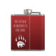 The flask itself is fine. It’s a cheap flask, obviously bought in bulk, however am prepared to overlook that. Given that it is a personalized item, I would have liked to have seen gift boxing instead of the generic packaging. Terrible printing, and/or quality. It’s a cheap, tacky vinyl. It is not cut straight and is also applied in a way that it is overhanging the bottom, causing the glue to catch on items and it will eventually roll and tear, damaging the wrap.
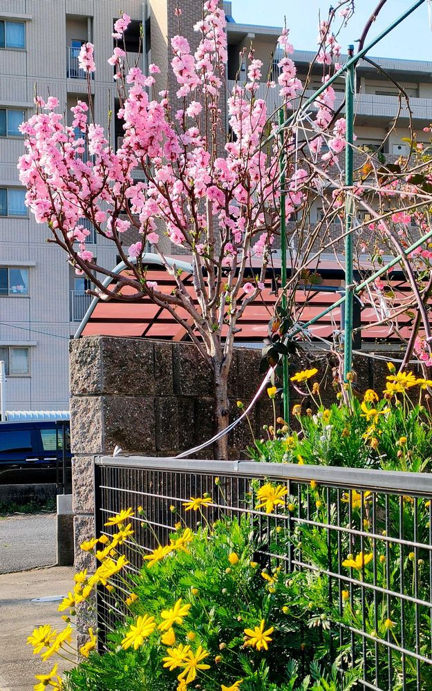 春にはハナモモの下で咲いて、とても綺麗でした。
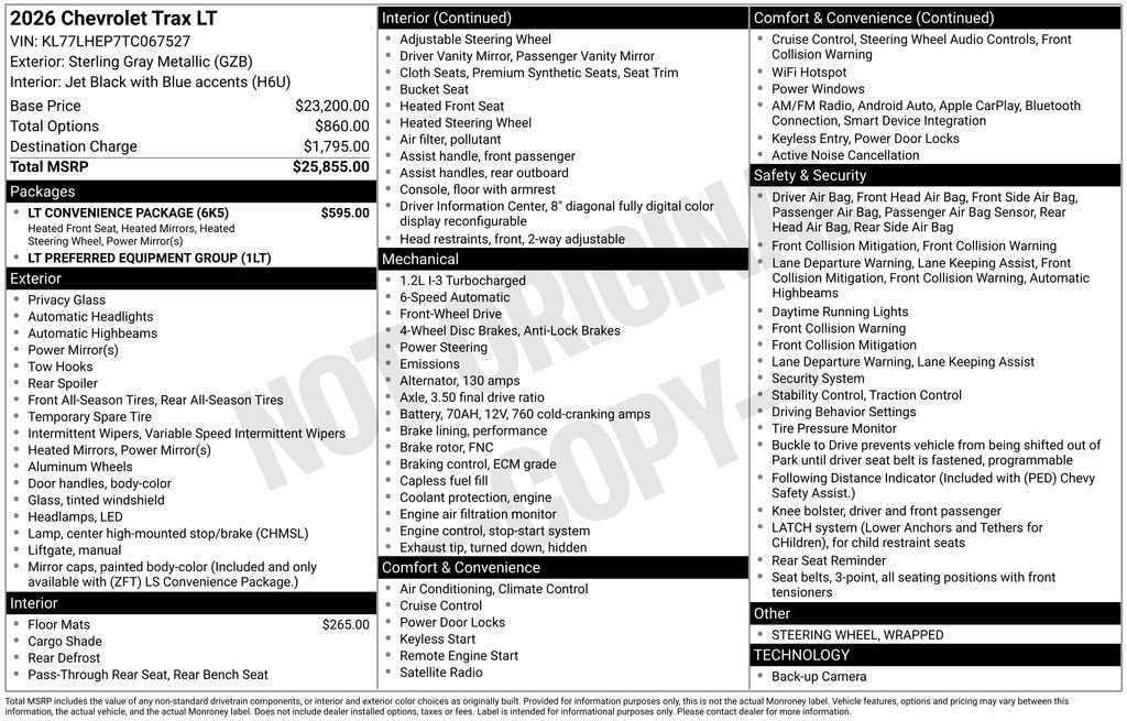 Sterling Gray Metallic 2026 Chevrolet Trax LT FWD 6-Speed Automatic ECOTEC 1.2L Turbo Trax LT, Sterling Gray Metallic, Auto High-beam Headlights, Automatic temperature control, Exterior Parking Camera Rear, Front Bucket Seats, Front Doors Keyless Open, Fully automatic headlights, Heated Driver and Front Passenger Seats, Heated Power-Adjustable Outside Mirrors, Heated Steering Wheel, LT Convenience Package, Premium audio system: Chevrolet Infotainment 3, SiriusXM Trial Subscription, Steering wheel mounted audio controls, Wrapped Steering Wheel.

### WHAT YOU ARE ASKED TO DO
Without any pictures, output exactly the lines from the start of the material through the line that contains "春にはハナモモの下で咲いて、とても綺麗でした。", and only those.

### RESPONSE BELOW
 The flask itself is fine. It’s a cheap flask, obviously bought in bulk, however am prepared to overlook that. Given that it is a personalized item, I would have liked to have seen gift boxing instead of the generic packaging. Terrible printing, and/or quality. It’s a cheap, tacky vinyl. It is not cut straight and is also applied in a way that it is overhanging the bottom, causing the glue to catch on items and it will eventually roll and tear, damaging the wrap.
 春にはハナモモの下で咲いて、とても綺麗でした。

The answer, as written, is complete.